Furthermore, lipid droplets were observed to increase in TEM analysis after PMMA exposure, although the increase in neutral lipid content was not significant, which may be due to polar lipid accumulation, such as phospholipids, glycolipids, and sphingolipids. Lipid droplets play an essential role in the connection between organelles and contribute to the regulation of the oxidative status of cells (Olzmann and Carvalho 2019). Finally, according to the TEM analysis, most of the PMMA microplastics presented, between the size of 3–10 µm, adhered to the cell membrane, potentially causing mechanical damage, leading to oxidative stress and inflammation.

Conclusion

As the liver is the organ with the accumulation of microplastics and nanoplastics, it is important to elucidate the underlying mechanism of hepatotoxicity caused by the widely used microplastic PMMA. This study reveals that PMMA induces inflammatory responses by upregulating inflammatory markers and causing oxidative stress which was shown with an increase in ROS, MDA level, and protein oxidation and a decrease in antioxidant capacity (GSH depletion, SOD2 activity depletion), probably associated with mechanical damage of the particles, leading to hepatotoxicity. Disruptions in lipid metabolism may play a role in PMMA-induced hepatotoxicity. We conclude that inflammation and oxidative stress should be focused on as important underlying causes of PMMA microplastic-induced hepatotoxicity. Additionally, further comprehensive in vivo studies are needed to be done for real-life exposure situations.
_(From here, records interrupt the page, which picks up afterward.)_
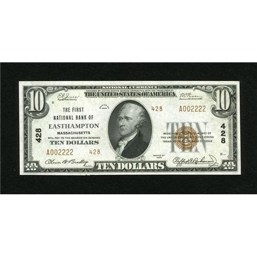 <B>Easthampton, MA</B></I> - $10 1929 Ty. 2 <B>The First NB</B></I> Ch. # 428<BR>This well embossed issue boasts the serial number A002222. <B>Very Choice Crisp Uncirculated.</B></I><BR><BR><b>Shipping:</b> Coins & Currency (<a target="_blank" href="http://www.heritageauctions.com/common/shipping.php">view shipping information</a>)
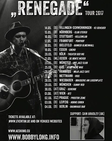 Bobby Long je britský zpěvák a songwriter žijící v New Yorku. V Americe je již velkou hvězdou a posledních pár let se mu také daří v Evropě, především v Německu, kde vyprodává ty největší kluby. 2. června odehraje Bobby svůj jediný český koncert v Praze. Bobbymu Longovi se v minulých letech dostalo od diváků v ČR velmi srdečného přijetí, kdy zahrál 2x v Olomouci). Tentokrát do české metropole přijíždí při příležitosti evropského turné Renegade.
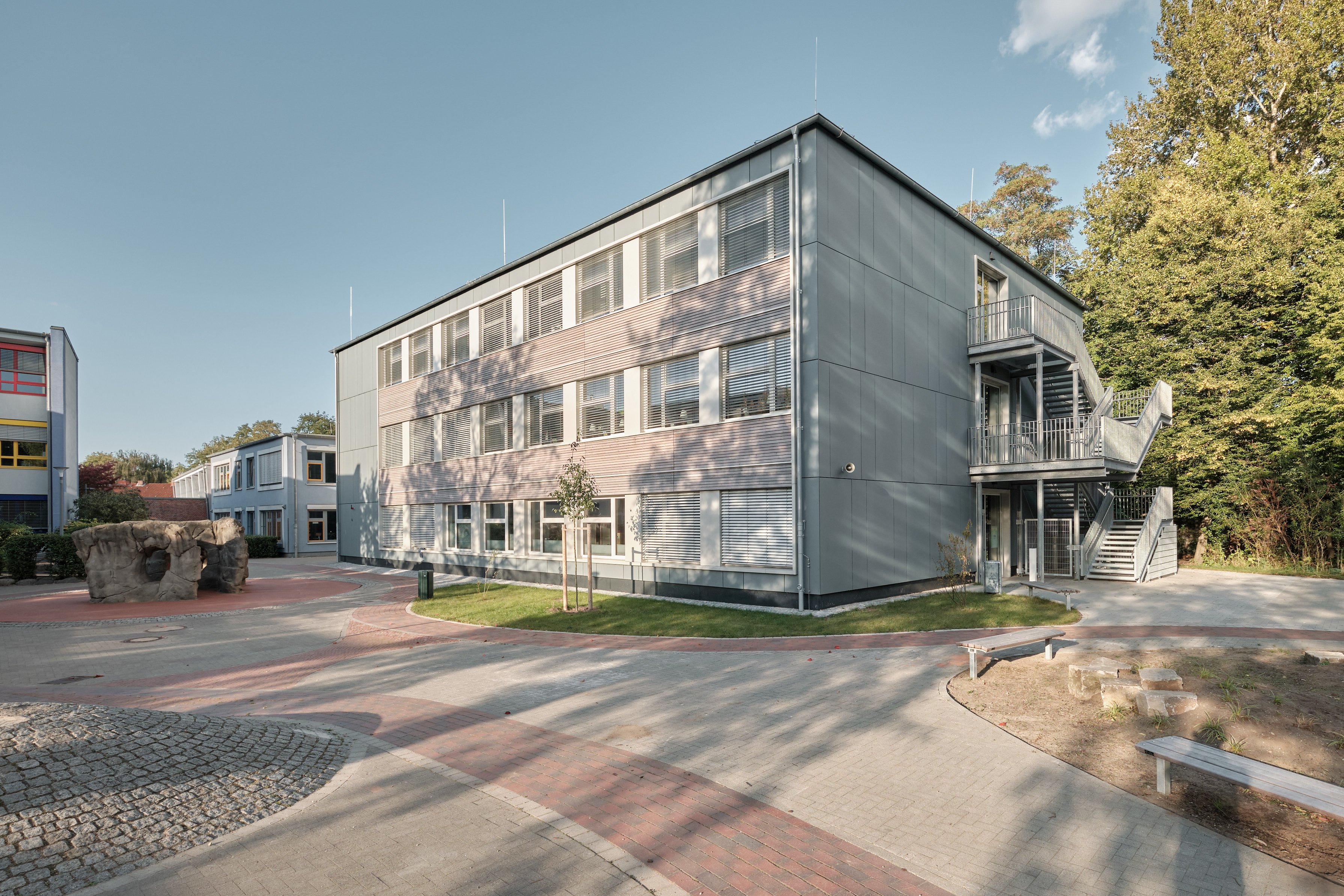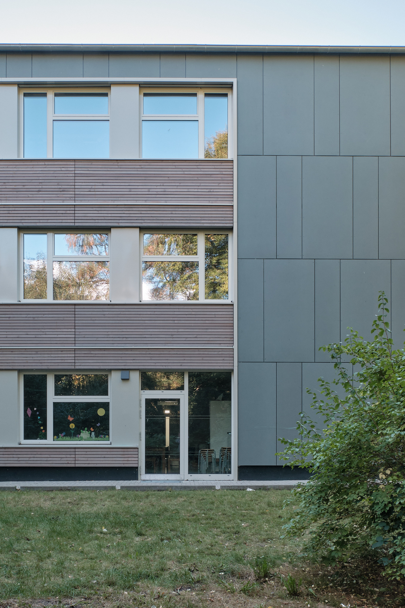 Das Hamburger Klassenhaus am Standort An der Berner Au ist eine Erweiterung der ansässigen Erich-Kästner-Grundschule. Neben Fachräumen bietet es vor allem Platz für Räume die der besonderen Förderung und Unterstützung der Schüler:Innen dienen. Das Gebäude basiert auf dem Typus 2.A mit der Besonderheit, dass es über eine Verbindungsbrücke im 1.OG mit einem der Bestandsgebäude verbunden ist.
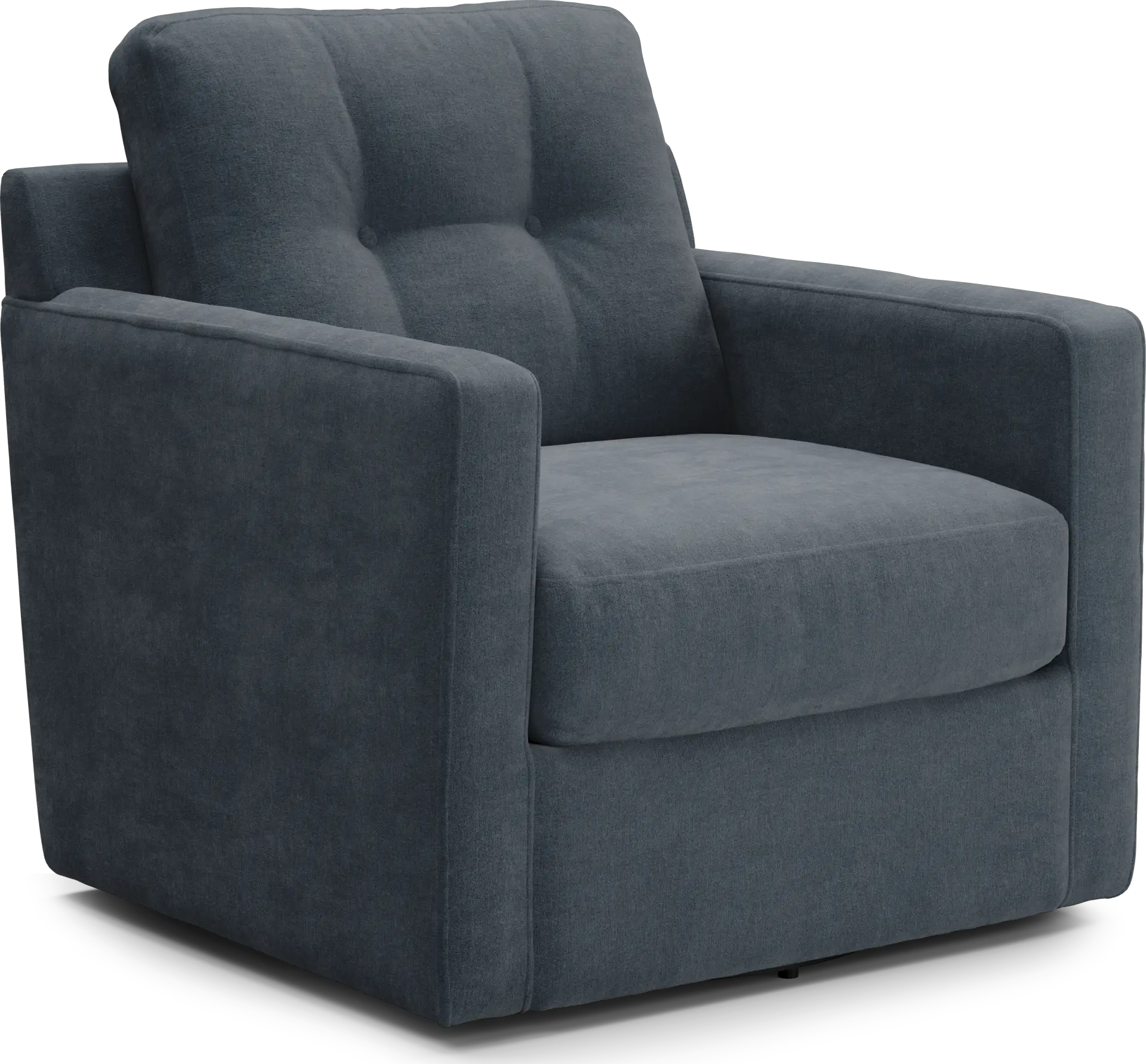 Discover the limitless possibilities of a Drew & Jonathan ModularOne swivel chair, thoughtfully designed with comfort and flexibility in mind. This customizable accent chair is upholstered on all sides in our signature fabric, New Horizon. This soft, indigo chenille includes Repreve yarn, made with recycled plastic bottles. The seating area features welted track arms, top-stitched seat cushions and button-tufted back cushions for the perfect piece to coordinate with the ModularOne. Visit a showroom to learn more about individual components and to work with a sales specialist to customize your own configuration today.

The strength of our study is that the co-culture model we used in our study can show liver damage and provide similar results to in vivo studies in terms of oxidative damage, lipid metabolism, and inflammation simulation. Additionally, this study showed that PPMA exposure plays a role in liver damage through oxidative stress-mediated lipid metabolism disruption and inflammation development.